What is it about Web intelligence that is such an important opportunity to you?

Web intelligence brings new opportunities regarding all-source analysis. Now organizations can leverage more data from more sources. And they can do that in ways conducive to making rapid, more accurate assessments. Organizations can also leverage their own internal data stores and information sources.

The result: better assessments that can drive better decisions.

What drives the interest in Web intelligence in your community? What hole in your world does it fill?

My formative years as a professional were spent as an operational intelligence officer. My core duty was to understand and tell others what the Soviet navy was doing, including Soviet naval operations very close to their ports. I had at my disposal information from just about every information source available, including satellite imagery, reports from agents, sensitive intercepted messages, reports from our fleet, reports from aircraft, reports from allies, and even open source press reports.

We also had access to vast amounts of historical information and environmental data.

One thing all of us in that role would learn early on is no single source of information could be trusted. Success required leveraging all sources of information. Analysis based on a single source of information had a very high likelihood of being wrong.

The all-source intelligence fusion and assessment lessons from my early career have modern analogs in today’s operational intelligence centers and in multiple sectors of industry. When assessments have to be made on dynamic situations you want multiple sources of information presented in ways that lets you consider them all at once. If you don’t use all-source information you are not going to get at the truth.

However, today’s analysts face challenges I never imagined as a young intelligence professional.

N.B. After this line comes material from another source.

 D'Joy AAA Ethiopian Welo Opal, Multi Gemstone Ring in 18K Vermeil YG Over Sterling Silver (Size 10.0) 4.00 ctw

The amount of data to analyze is absolutely incomprehensible by humans, and the need to correlate, compare, and cross reference across data sets has become a challenge only computers can handle.

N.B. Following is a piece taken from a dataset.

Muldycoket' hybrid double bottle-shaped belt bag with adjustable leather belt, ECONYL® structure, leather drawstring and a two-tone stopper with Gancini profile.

Today’s critical insights are all coming from systems that let humans interact with very savvy computers.

What does a critical insight from Web intelligence look like? In the intelligence and national security domain, Web intelligence holds the promise of helping decision makers better anticipate trouble spots and take action before hand to mitigate a crisis. Failure to do this always makes headlines. Success in this almost never does.

Insights from Web intelligence are also critical to anticipating the course of technological development. This is important in the national security space for two broad reasons:

  1. It helps avoid technological surprise.
  • It helps inform our own decision-making regarding technology.
  • What is your vision for how Web intelligence could be used? The greatest potential for Web intelligence in the national security space is in bringing information and assessments from the entire Web together with the secure holdings and classified data sources of our national security community. By melding together the classified and unclassified domains our national security analysts can more quickly assess the nature of developing situations and better inform policy makers and operational military decision makers.

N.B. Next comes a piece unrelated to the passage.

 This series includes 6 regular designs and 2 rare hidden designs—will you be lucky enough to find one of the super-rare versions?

    Looking ahead, will Web intelligence become a standard piece of tradecraft in your community? Will it “go viral”?

    The national security community has always been quick to study new methods and new information sources and I have no doubt they will be moving quick to leverage all sources of information they can. They are also always seeking to study what industry is doing so lessons can be learned there and I see a great opportunity for both industry and government in this new domain of Web intelligence.

    Bob Gourley

    Bob Gourley is the publisher of CTOvision.com and is the founder and CTO of Crucial Point LLC, a technology research and advisory firm. Bob’s first career was as a naval intelligence officer, which included operational tours in Europe and Asia. Bob was the first Director of Intelligence (J2) at DoD’s cyber defense organization JTF-CND. Also, he was named one of the top 25 most influential CTOs in the globe by Infoworld in 2007, and selected for AFCEAs award for meritorious service to the intelligence community in 2008.